Thursday, April 17, 2014

Why luxury branding is not for everyone

Every two weeks or so,  I will get a phone call or an email from a prospective client wanting to create  "luxury branding" for their product or service. They want to enter the market with a new product catering to a discerning few. Nowadays, it seems every Joe, Dick and Mary (have to add Mary for PC purposes) wants to start a luxury brand. But just because you say it is, does not make it so.
Once the conversation begins, the client will ultimately say "I want something that "pops."  How about red?" That's where I stop and question if I am the right fit for them.

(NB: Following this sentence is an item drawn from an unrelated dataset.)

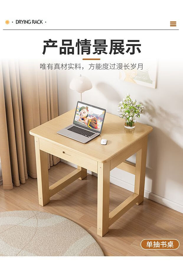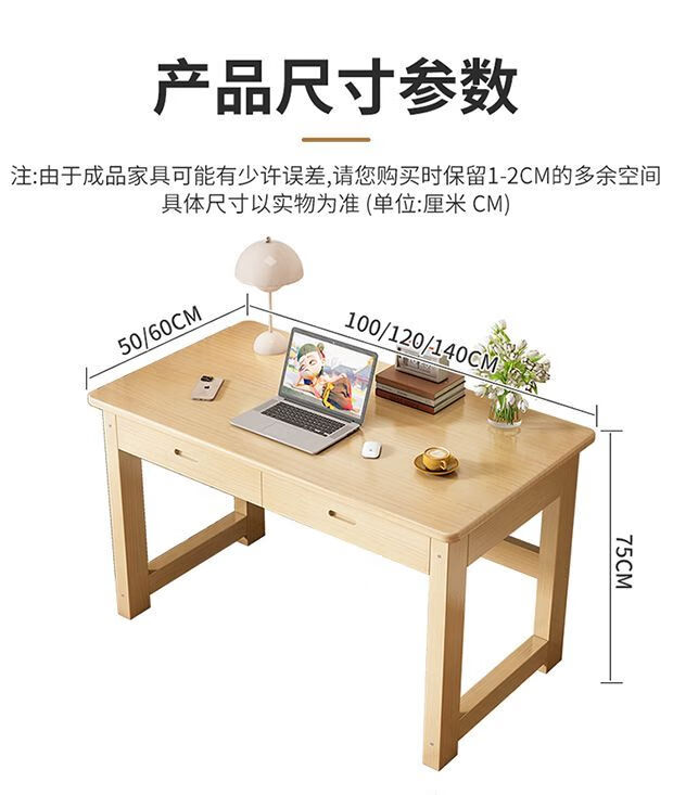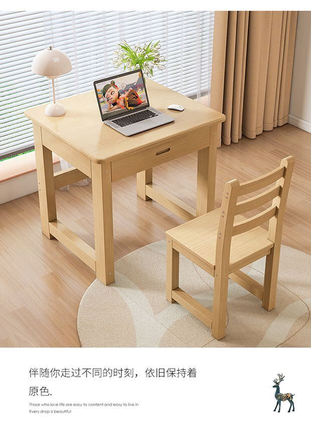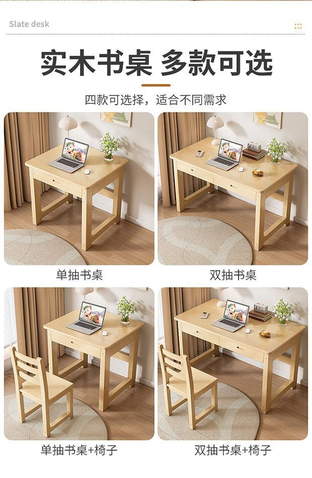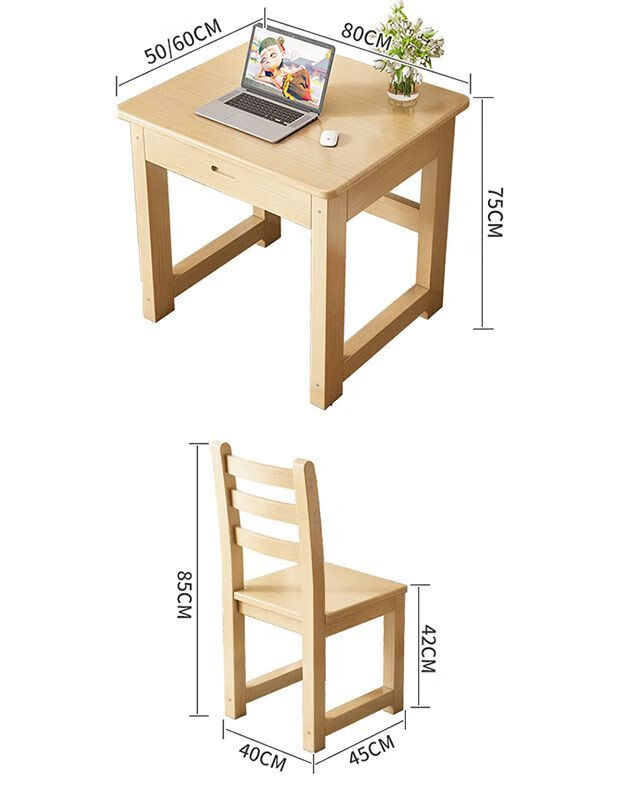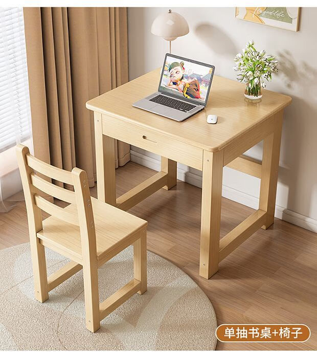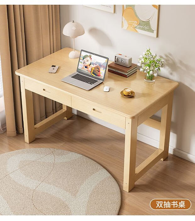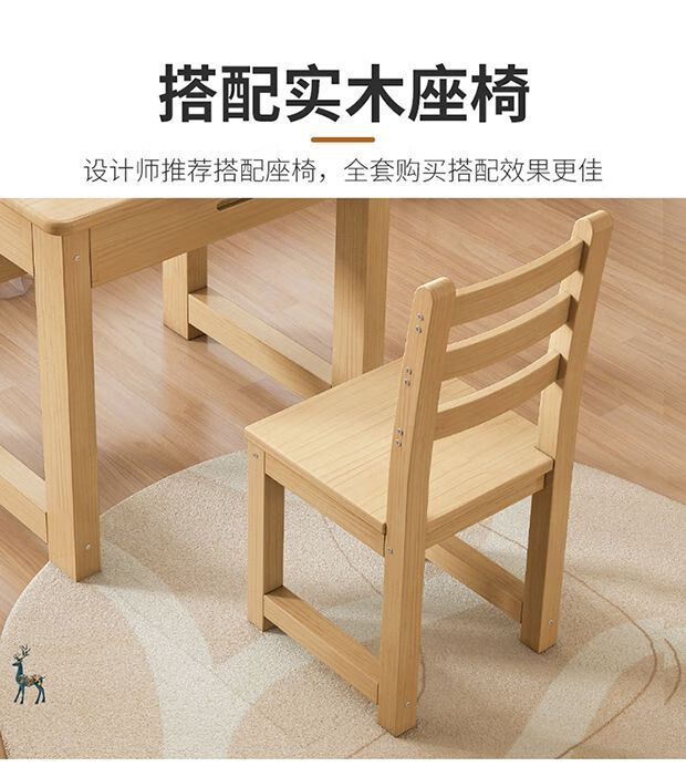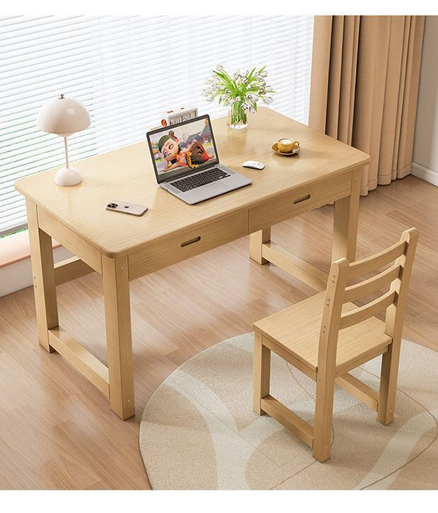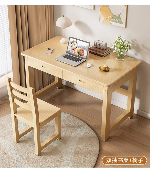 弘星隆儿童学习桌家用全实木写字桌小户型卧室电脑桌小学生课桌椅带抽屉 实木无漆丨【送货入户+全实木】(桌+椅) 长120 宽50 高75cm丨(两抽)

Luxury services and products are NOT intended for everyone. It is never about selling to the MOST people, it is selling the most to a FEW people (who can afford it.) Once you understand that (and accept it) then you can begin the design process on the right footing. "Know thy self" said Plato in his conversations with Socrates.

In communication design I believe the following to be true:

Simple design is sophisticated design and therefore exclusive design.

It is not a coincidence that the brands that represent true luxury and excellence, and thus true sophistication, are for the most part using simple marks, beautiful typography, and understated colors in their branding.
Have a look around you - really exclusive stuff comes in the simplest, most discrete packaging.
For illustration purposes, I have paired the logos of brands that are in the same industry / or produce similar products, but are on the polar opposites of the pricing spectrum:














The first thing you notice is the color. What's up with all the red? Now I know why one of my branding design idols, Ivan Chermayeff once said, "When in doubt make it red, if you are still in doubt make it big."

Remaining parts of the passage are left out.